Furthermore, their policies are divided into the following sections:

  • Customers and Communities
  • Colleagues
  • Governance and Risk

Each section outlines the standards they expect to deliver.

Customers and Communities

  • Fair and ethical customer outcomes are at the heart of our plans, decisions and actions.
  • We only provide products and services that are right for our customers and match their needs and circumstances.
  • Our products and services are transparent and easy to understand.
  • Customer interactions are consistently high-quality experiences. All colleagues complete learning and competency requirements, and only operate in roles where they hold the required accreditations.
  • We take extra care of customers who are at a greater risk of harm or loss because they are experiencing vulnerability.
  • Concerns about unfair customer outcomes are proactively identified and owned or escalated.
  • Customer complaints, pain points and harm – including financial losses, distress and inconvenience – are promptly and appropriately addressed and, where appropriate, remediated.
  • We do not tolerate anti-competitive conduct, market manipulation, predatory market practices, insider trading, failure to manage conflicts of interest, bribery and corruption or inappropriate control and use of confidential or personal information.
  • We recognise that environmental and social risks can impact our communities and we are committed to ensuring these risks are identified and managed appropriately. 


  • Everyone feels safe and included in the workplace and health, safety and wellbeing are promoted. We take a zero tolerance approach so that no one experiences unlawful discrimination, bullying or harassment — including sexual harassment or racism.
  • Customers have confidence in NAB’s integrity and quality of service. This is why we’re only hired, promoted and recognised when we demonstrate the highest levels of professionalism and character.
  • Customers know they are in safe hands. This is because we only act within our authority and carefully consider what’s best for our customers. We always use access to technology and assets responsibly.
  • Customer interactions are consistent and high-quality experiences. We achieve this by ensuring everyone at NAB meets learning and competency requirements, and works in roles where they hold the applicable accreditations.
  • Colleagues do not compromise the integrity of NAB or its stakeholders. Any conflicts or perceived personal conflicts of interest, criminal convictions or charges are declared.
  • Colleagues are rewarded for driving long term, sustainable outcomes.

Governance and Risk

  • We meet our legal and regulatory obligations, voluntary commitments and internal standards.
  • Our customers’ personal information is respected and kept safe.
  • Our policies explain how we handle this information to keep it secure, protected from misuse, interference and loss, and from unauthorised access, modification or disclosure or personal gain.
  • Our customers and community and the integrity of the financial system are protected.
  • Our policies and standards explain how to identify, manage and control the risks of financial crime, bribery or sanctions breaches as well as commercial and personal conflicts of interest.
  • Customer interests and outcomes are a critical component of decision making and align with NAB’s risk appetite.
  • We use clear delegation frameworks for decision making to support our governance and risk management frameworks.

How Polonious Can Help

By setting out standards for behavior, a code of conduct helps minimize risks associated with employee misconduct. A well-written code of conduct makes it easier for employees to behave well because they set clear expectations, creating a positive work environment.
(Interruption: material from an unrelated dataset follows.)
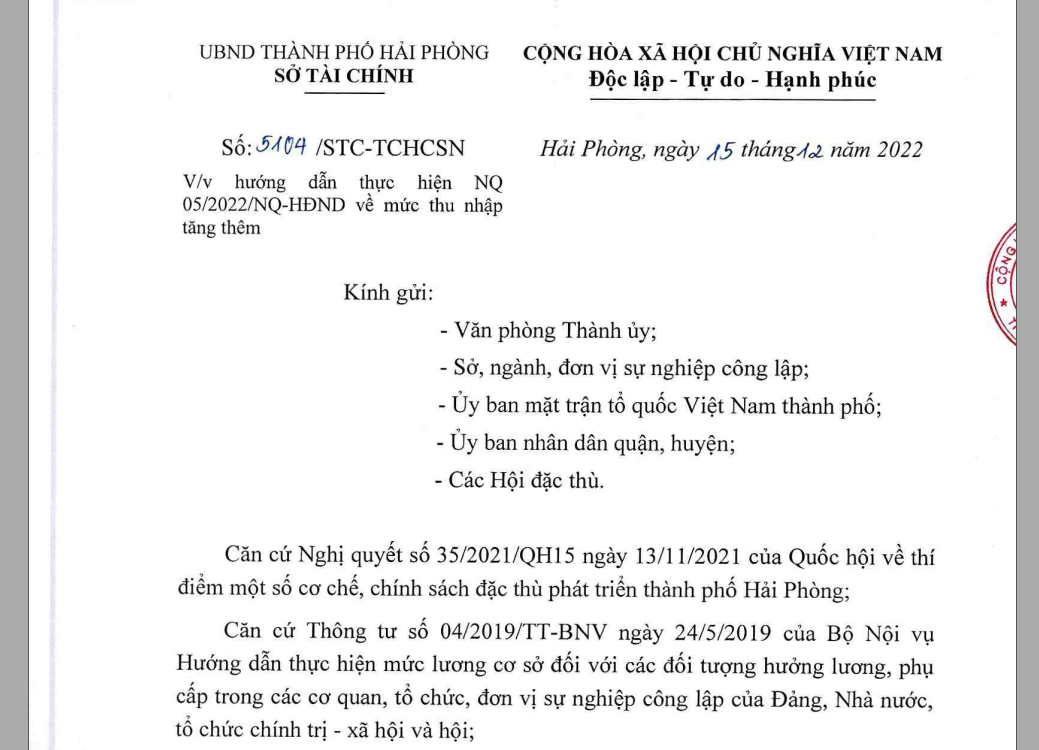 V/v Hướng dẫn thực hiện nghị quyết 05/2022/NQ-HĐND về mức thu nhập tăng thêm

However, compliance is more than just checking the box. A well-managed, compliant, internal whistleblowing mechanism, ethics hotline and case management solution can help you detect problems early, address them and maintain a safe and ethical workplace, while minimizing risk.

The Polonious Case Management Software provides a consistent process that is procedurally fair for all parties, while recording all actions and decisions to ensure all evidence of the process is documented and auditable alongside any evidence gathered regarding the incident or investigation. 
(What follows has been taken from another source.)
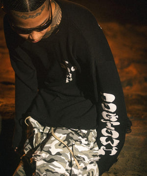 ドッグダウンのグラフィックがフロント胸と袖・バックに配置されています。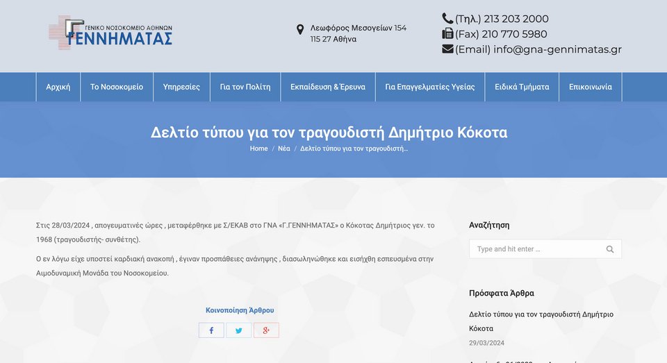 «Στις 28/3/2024, απογευματινές ώρες, μεταφέρθηκε με Σ/ΕΚΑΒ στο ΓΝΑ "Γ. ΓΕΝΝΗΜΑΤΑΣ" ο Κόκοτας Δημήτριος, γενν. το 1968 (τραγουδιστής-συνθέτης). Ο εν λόγω είχε υποστεί καρδιακή ανακοπή, έγιναν προσπάθειες ανάνηψης, διασωληνώθηκε και εισήχθη εσπευσμένα στην Αιμοδυναμική Μονάδα του Νοσοκομείου», αναφέρει η ανακοίνωση του νοσοκομείου.

Strong and effective corporate governance helps to cultivate a company culture of integrity, leading to positive performance and a sustainable business overall. Essentially, it exists to increase the accountability of all individuals and teams within your company, working to avoid mistakes before they can even occur.

Strong and effective code of ethics and conduct helps to cultivate a company culture of integrity, leading to positive performance and a sustainable business overall.

Strong and effective code of ethics and conduct helps to cultivate a company culture of integrity, leading to positive performance and a sustainable business overall. 

Making your hotline confidential will ensure employees feel comfortable using it.

To determine the appropriate ethical guidelines for your company, you might consider studying some of the best examples of code of conduct examples for businesses.

Making your hotline confidential will ensure employees feel comfortable using it.

A Comparison of 8 Major Companies’ Codes of Ethics and Conduct can point you in the right direction.

Book a Demo Now

Learn more about how Polonious can help you practice stronger and more effective corporate governance

5 ways to dig deeper than a Web search for better investigation

5 ways to dig deeper than a Web search for better investigation

Whenever an investigation begins it is only natural to jump on the Internet and do a Web search for any relevant material that is publicly available.

The Web is an ideal starting point, but there are many more data sources available to intrepid investigators. In this blog we will look at five ways to garner more information for an investigation, and how the results will help you deliver a more comprehensive result.

1. Specialist Web search engines

When people search the Internet they think of Google, but there are many more specialist search engines which focus on certain niches, or verticals.

These include alternative general search engines and forums and portals which focus on specific topics. Your investigation might relate to the aviation sector, so log onto aviation forums and look (and ask) for information which might be helpful.

There are also many localised search engines which focus on particular geographies, which could help your investigation if there are elements relating to non-English speaking regions.

2. Social networks

Your investigative work is made easier if the people you are investigating are happy to share their private live with the world.

A person’s profile can be reviewed and information can be gathered from it, and from there it will depend on how it fits into the wider case and whether it can be used to bolster the investigative process.

Like search engines, the Web is awash with social networks of all shapes and sizes. Facebook won the war for the most popular social network, but again there are plenty of niche options to include in your investigative work.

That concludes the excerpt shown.